I started second time and it started weak, then powered up, did it have something to do with the cold? Haven’t started/driven it since I got the first codes @faint galleon
At this point, your ecu is starting from scratch, so a few hickups don't frighten me. Your transmission will need to re-learn your driving habits (it is intelligent to a degree that it will program itself.)
You will also have to teach the windows where their end stops are.
Right now, it is a wait and see moment. Cold is never good on engines so be sure to let it warm before driving. Pay attention to what you are doing should the CEL come back on.
If it does return, then get those code read as soon as possible, as that is your first clue the problem is still there.
Sounds good, I’ll let you know if something happens, thank you very much
Do you think it could have been bad spark plug? I’m reading up on the symptoms and my car had the exact same symptoms for bad spark plugs
Like I started it this morning, the engine died on me, and I had to try again to start it, also the weird thing that happened when I couldn’t accelerate, and my fuel economy went down from 15mpg to 8mph
Did the check engine light come back on?
It hasn’t yet
But other than the 2nd try on starting, no codes and it drives correctly?
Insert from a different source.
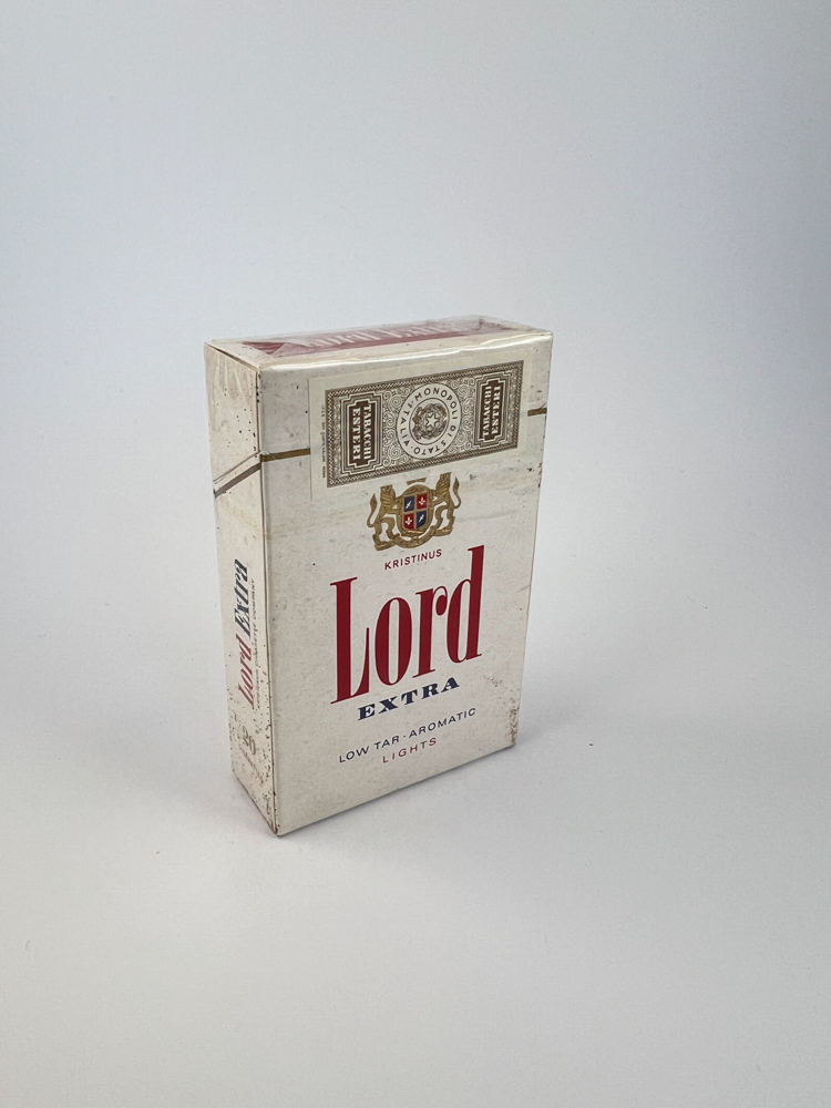 Aprašymas: Šis „Lord Extra“ cigarečių pakelis su užrašu „Kristinus“ priklauso senesnei „Lights“ versijai. Pakelis baltos spalvos, dekoruotas auksiniu herbu ir klasikiniu šriftu. Apačioje nurodyta „Low Tar, Aromatic Lights“, kas būdinga lengvesnėms cigaretėms iš XX a. pabaigos. Ant viršaus išlikęs originalus Vengrijos monopolio ženklas (Magyar Dohány Monopólium), rodantis, kad pakelis skirtas vietinei rinkai prieš privatizacijos ir dereguliacijos bangą. Būklė šiek tiek paveikta laiko, tačiau pakelis neatidarytas.

Yeah, and the horrible gas economy
Gas economy is just a computer reading, not reality. It too will need time to re-calibrate itself, a few fill-ups will likely set that straight. What we are looking for is engine/performance related. Cold start is still a concern, but how is the *idle, acceleration, and shifting *(keep in mind the transmission is intelligent as well, and needs time to learn your driving habits)?
I'm not quick to leap into panic mode, simply because JLR's can be temperamental. I've learned that most common issues are easily addressed. Right now, we are waiting for any new codes to appear, so treat her nicely for a week or so and lets wait and see.
Peace!
oh ok, it seems to idle fine, and accelerate fine. Shifting seems normal too. I will let you know if there are more codes, thank you!
Just because I can, here are my two babies. I love my Jags.... Sigh....
Also once I figure out everything I’m probably going to sell it. Any recommendations on what I should go for? Looking to go with a coupe(one with 4 seats) and is reliable and looks nice
If 4 seats are a must, then I would seriously look at an XF rather than a coupe. One hell of a steel on todays market (provided you steer clear of the 5.0L).
As for coupes, I'm not really any help there. You can buy a low mile XK like my silver one in the $14-16k range, but they arnt practical, nor good for more that 2 people (rear seats are there for insurance purposes only).
A used Auston Martin would be my preference if a coupe was on my list, but again, not practical.
Once I sell my XKR, I'll be on the hunt for a 2006 jaguar XJR. Class, luxury and power all wrapped in a single aluminum chassis!